City of Columbus v. Rader

78 N.E.2d 424, 85 Ohio App. 143, 40 Ohio Op. 110, 1948 Ohio App. LEXIS 798
CourtOhio Court of Appeals
DecidedFebruary 3, 1948
Docket4009
StatusPublished
Cited by2 cases

This text of 78 N.E.2d 424 (City of Columbus v. Rader) is published on Counsel Stack Legal Research, covering Ohio Court of Appeals primary law. Counsel Stack provides free access to over 12 million legal documents including statutes, case law, regulations, and constitutions.

Bluebook
City of Columbus v. Rader, 78 N.E.2d 424, 85 Ohio App. 143, 40 Ohio Op. 110, 1948 Ohio App. LEXIS 798 (Ohio Ct. App. 1948).

Opinion

Hornbeck, J.

Defendant was tried and sentenced in the Municipal Court of Colnmbus for the violation of Section 1309a of the ordinances of the city in that, as a driver of an automobile, he unlawfully “failed to yield to traffic on the right, causing accident.”

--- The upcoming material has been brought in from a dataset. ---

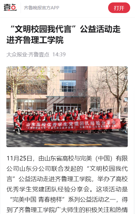 齐鲁晚报:“文明校园我代言”公益活动走进问鼎网页版登录入口

Five errors are assigned, which may be encompassed in two, namely: Did the city make proof of any offense by the defendant and is the judgment against the manifest weight of the evidence ?

The affidavit does not make reference to any specific ordinance but in general terms charges that the defendant acted contrary to the ordinances of the city’ in such cases made and provided.

*144 Section 1309a of the ordinances reads:

“Right of way at intersections. Excepting where otherwise provided, the operator of a vehicle, streetcar or trackless trolley shall yield the right of way at an intersection to a vehicle, streetcar or trackless trolley approaching from the right.”

Section 1245 of the ordinances reads:

“Right of way. The right of a vehicle * * * to proceed uninterruptedly in a lawful manner in the direction in which it or he is moving in preference to another vehicle * * * approaching from a different direction into its or his path.”

The evidence discloses that the defendant, driving eastwardly on Fifteenth avenue in the city of Columbus, came into the intersection of that avenue with Hamilton avenue and collided with a Ford automobile driven northwardly by one Joseph Massara. The paths of the cars and their relative locations in the intersection at the time of the collision were established, in part, by the testimony of officer Robert Baus who, without objection, introduced a map showing the respective positions of the cars. This chart was made from information given to the officer by the drivers of the cars which came into collision. Massara, driver of the Ford, testified and, in connection with his testimony, drew a plat showing the position of the cars shortly prior to the collision. Both maps show the Ford driven by Massara, which was to the right of the defendant at the intersection, over the center line and to the left thereof an appreciable distance. The record does not substantially contradict the effect of these maps as to the location of the cars.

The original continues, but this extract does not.